A British man who entered a commercial surrogacy agreement with an American woman has been told that, because of UK law, he cannot be named as the child’s legal parent.
The boy at the centre of the case, who is now over 12 months old, was born in Minnesota after the British man paid a surrogate there £30,000 so he could become a father using his own sperm and a donor egg.
However, Family Judge Sir James Munby – who is also the president of the family division of the High Court of England and Wales – decided that the genetic father’s single status means he cannot legally be recognised as the boy’s father.
Under the Human Fertilisation and Embryology Act 2008, parenting orders in surrogacy cases can only be granted to couples, regardless of whether they are married or cohabiting, heterosexual or same-sex.
Surrogacy laws are complex in the UK and are unlike adoption laws that allow single people to become parents.
However, as a result of Sir James Munby having no power to grant the man a parenting order, the child has become a ward of court.

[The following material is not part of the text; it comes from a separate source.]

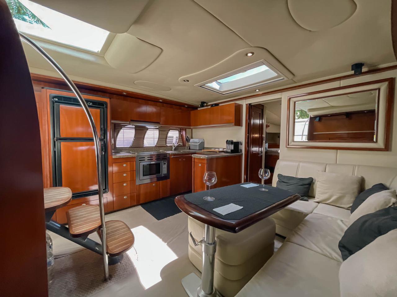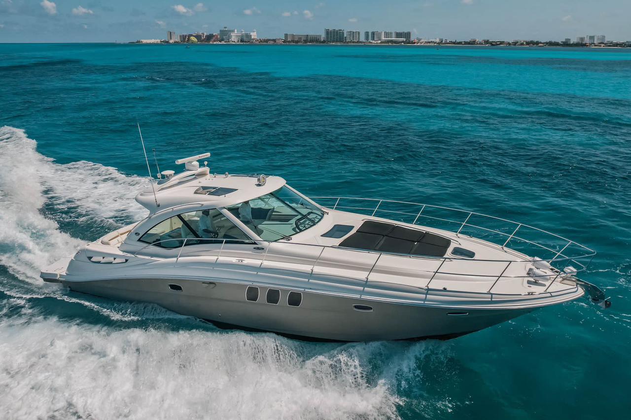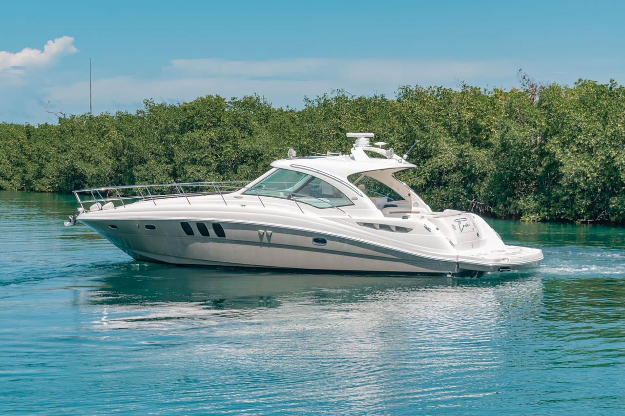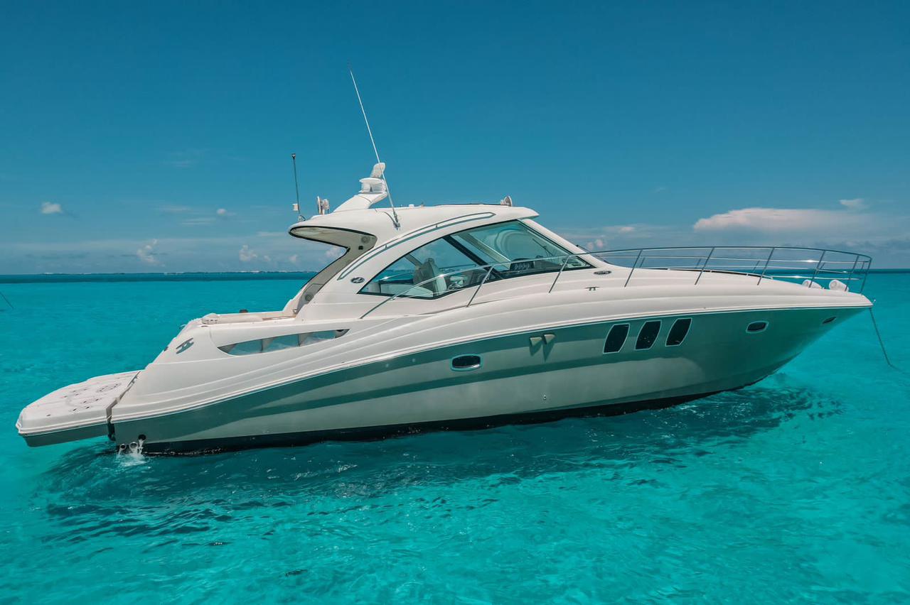 SEA RAY 50 FT CAVA PREMIERE 16 Guests 24 Beer 24 Water 24 Soft Drinks Ice / Ceviche Snacks 2 Cabins – 2 bathrooms – sun deck – lounge – Bluetooth Sound – Snorkel

The decision essentially leaves him with no legal parent in Britain, despite a ruling by an American court that the British father is the child’s sole parent, with the full consent of the surrogate mother.
Single-parent surrogacy issues have previously been discussed by the Government, but no amendments have been made to allow single people to obtain parenting orders.
However, the boy’s biological father can still launch a separate legal challenge if he argues that the 2008 Act is “incompatible” with his human rights.